Back in 2007I wrote that the Rave Tesar Trio’s album You Decide was one of the best jazz albums I heard that year. I do not easily toss off superlatives like that. Such claims often come back to bite you in the back or put an undue burden upon the artist’s next album. How could any artist live up to the expectations now set? But I wrote what I heard and felt. Both the Rave Tesar Trio and I would have to live with the consequences. Well, three years have passed and we’re both doing fine. You never have to fear the truth.
Pianist Rave Tesar, his brother drummer Bill Tesar and bassist Kermit Driscoll have been collaborating for 30 years. One listen to the Rave Tesar Trio’s new album Defragment Now, which contains 6 of Rave Tesar’s compositions and 3 standards, verifies the great empathy that three decades of playing music together can create.
The standards were all improvised and recorded without any rehearsals.
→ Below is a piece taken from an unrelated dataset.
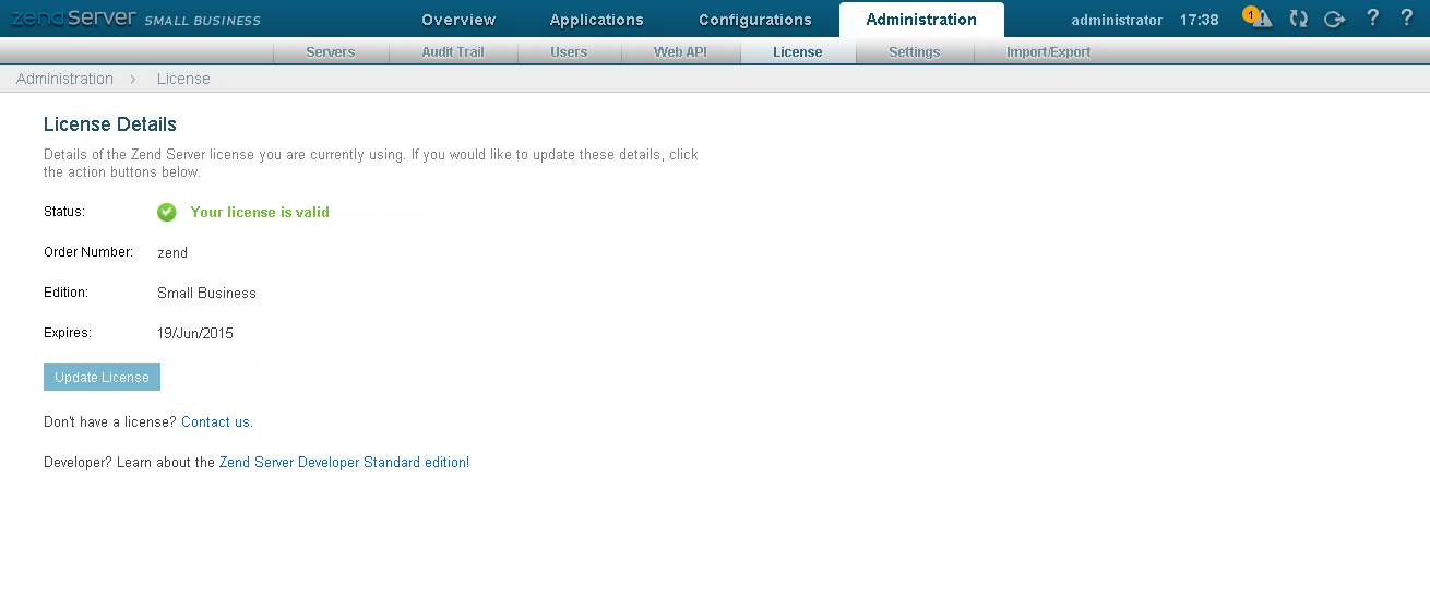 - Update your Zend Server license.|
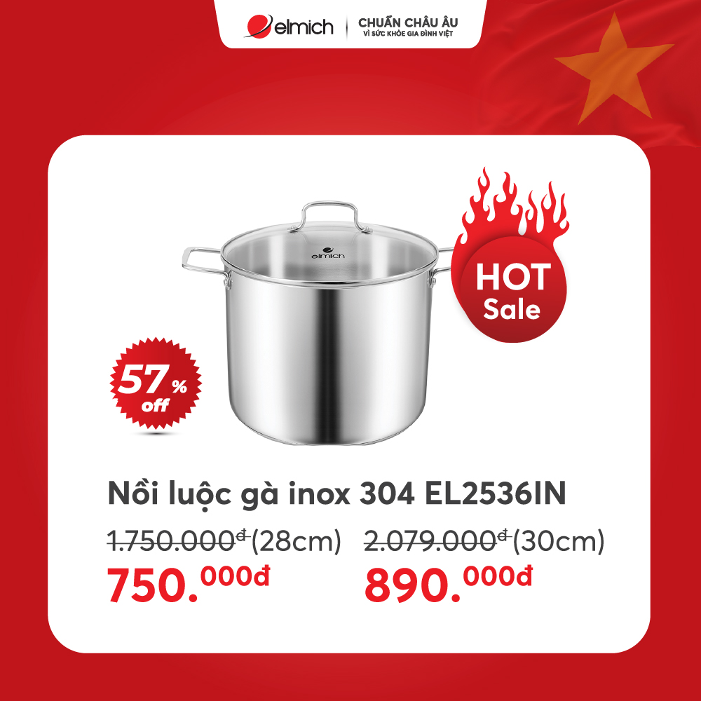 Nồi luộc gà inox 304 EL2536IN 28cm chỉ 750k, giá gốc 1.750k

Rave Tesar’s single note run preamble to “What Is This Thing Called Love” seamlessly meets-up with his soon to be swinging rhythm section. Kermit Driscoll’s forlorn bass on “Alone Together” ushers in Tesar’s piano for a performance evocative of Bill Evans. The saddest and slowest version ever heard of “There Is No Business Like Show Business” finds the trio telling another side. Bill Tesar’s brush work is remarkable on this piece.
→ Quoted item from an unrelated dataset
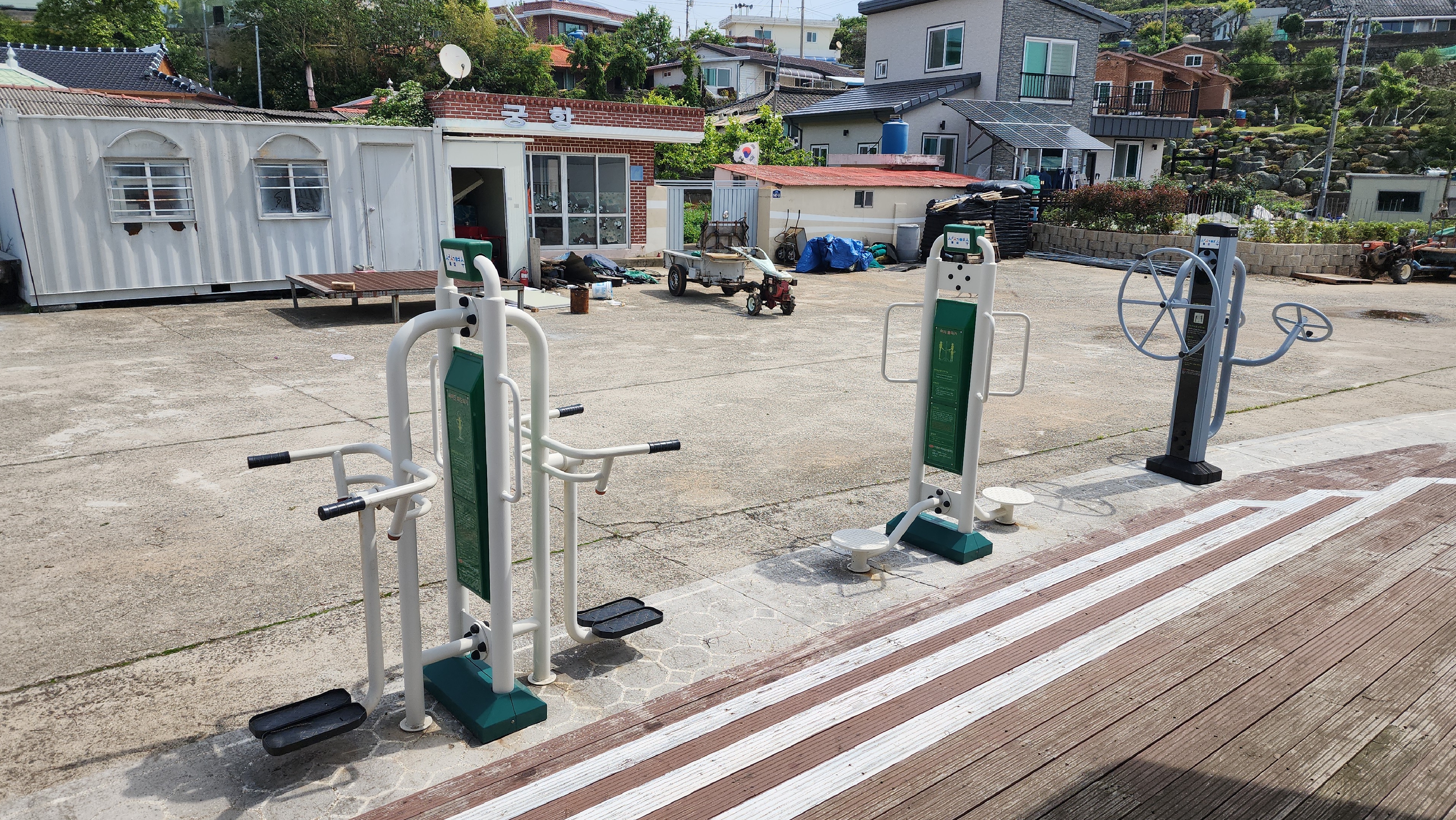 궁항마을 정자를 중심으로 주변에 어르신들이 운동할 수 있는 시설들이 마련되어 있다.

Rave Tesar’s original compositions already sound like standards to me. The trio performs these melodious, inventive and flowing numbers with the same confidence and flair usually reserved for those great tunes that have become part of the jazz canon.—Walter Kolosky
Walter Kolosky is a jazz journalist and the author of the books “Power, Passion and Beauty” and “Follow Your Heart”: John McLaughlin — Song By Song.